A outra, que como Respício
já colocou, é que uns
acham que
automaticamente a Emenda 6 desaparece com a diferença entre
empresa nacional e
estrangeira. Mais uma vez: a ANAC aguarda uma posição
seja do Congresso
Nacional, seja da Presidência da República, em
relação a isso, para poder se
manifestar.
A ANAC não se manifesta quanto a
questões de
política quando não é
consultada.
Quando o Respício colocou que a
Agência não se
manifestou
favorável, por quê? Porque em reunião com o
ministro, inclusive o SNEA estava
presente, o próprio Mollo estava presente, o ministro solicitou
qual é a
posição da ANAC.
A ANAC levantou os estudos.
Olha, fizemos uns estudos e
determino isso.
Mas nós não podemos
advogar por isso. Não podemos
entrar no
Congresso e brigar por isso. Se eu vou no Congresso por isso, um
senador vai
chegar para mim: quem é você? Você não tem
esse mandato. Você cumpre o que nós
dissemos no passado.
Agora nada nos impede, e isso acontece
freqüentemente, que
os senadores e deputados nos chamarem para ouvir uma opinião de
alguém que tem
experiência, que faz a gestão do setor.
Mas nós não podemos sair
daqui, pegar o
motorista, ir lá para o Congresso, bater na porta e: vamos
passar essa lei e
tudo.
O que é isso? Isso é
subversão do ordenamento
jurídico brasileiro
administrativo. Nós não vamos fazer isso. Isso é
passível de punição. Eu acho
que estaria fazendo um desserviço à nação,
porque existem outras instituições
para fazê-lo.
Discussão
com a sociedade.
|
|
A lei da ANAC obriga que todas as
nossas decisões de
implementação do marco legal, decidido no Parlamento,
numa democracia que é o
Brasil, que tem uma Constituição democrática, essa
implementação seja colocada
em discussão.
Todos as nossas decisões
normativas, interpretação
normativa de
aplicação da regulação, os
princípios estão decididos na lei máxima,
nós
colocamos em consulta pública.
Mas, nós, na ANAC, não
podemos fazer palanque.
Nós, na ANAC, não estamos autorizados pela lei a fazer
comício em praça
pública, nem para debate em televisão. Não somos
pagos para isso; se alguém
quer 49%, se alguém quer acabar com a cabotagem, permitir
cabotagem, isso já
está na lei, eu não posso fazer debate sobre isso.
Eu posso fazer o debate
sobre o seguinte, é o que eu vou apresentar: o CONAC e a lei da
ANAC diz: tem
que haver liberdade tarifária.

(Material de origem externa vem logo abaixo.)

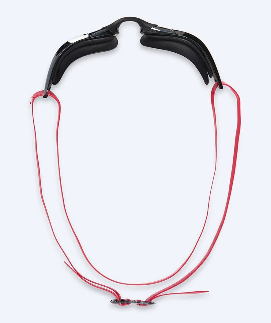 Den polariserte linsen har også en innebygd anti-dugg teknologi, hvor du bare trenger å dyppe svømmebrillene i vannet før bruk, hvorpå anti-duggen aktiveres av seg selv, så du kan svømme med et klart syn uten å bekymre deg over dugg. Da dette er innebygd i designet vil ikke anti-duggen falme eller forsvinne over tid eller ved riper. - Doble stropper med cm markeringer

Aí eu vou discutir essa
transição de liberdade
tarifária. Isso tem um mandato, eu faço o debate. Agora
não posso fazer debate
questionando a liberdade tarifária, senão tenho que sair
da ANAC. Gostaria até
de fazer isso do lado de fora.
Eu
não queria colocar em questões filosóficas, mas eu
acho importante quando
mencionaram Miguel de Cervantes, Dom Quixote. É interessante
porque
independente da beleza do texto, a sensibilidade que o texto nos traz,
há um
momento histórico. Dom Quixote simplesmente se negava a aceitar
o fim do
feudalismo, o fim dos príncipes. Ele sentia que o mundo que ele
vivia, de um
grupo de privilegiados, que poderiam se arvorar de nobreza e de
privilégios,
estava no final. Então ele foi contra essa realidade. Isso
é natural quando
alguns privilégios são retirados e acho que isso
aconteceu quando foi criado o
marco legal da aviação civil recente e é natural
que apareçam Dom Quixote’s.
Quero
dizer, também, que a aviação nacional não
está em crise.
O que nós temos sobre crise,
já foi colocado pelo Mollo.
|
É que nós temos uma
restrição
aeroportuária, cujos
investimentos são feitos por uma estatal, que não tem um
marco regulatório.
O nosso espaço aéreo
é uma gestão da
Força Aérea Nacional, do Comando da Aeronáutica,
que nós não temos ingerência nenhuma.
Nos aeroportos a gente ainda pode dar
uma
regulada em tarifa, em forma de concessão.
Em termos de Comando da
Aeronáutica
não temos nenhuma ingerência. O máximo que a gente
consegue fazer com eles é
reunir, pedir, por favor, algumas informações.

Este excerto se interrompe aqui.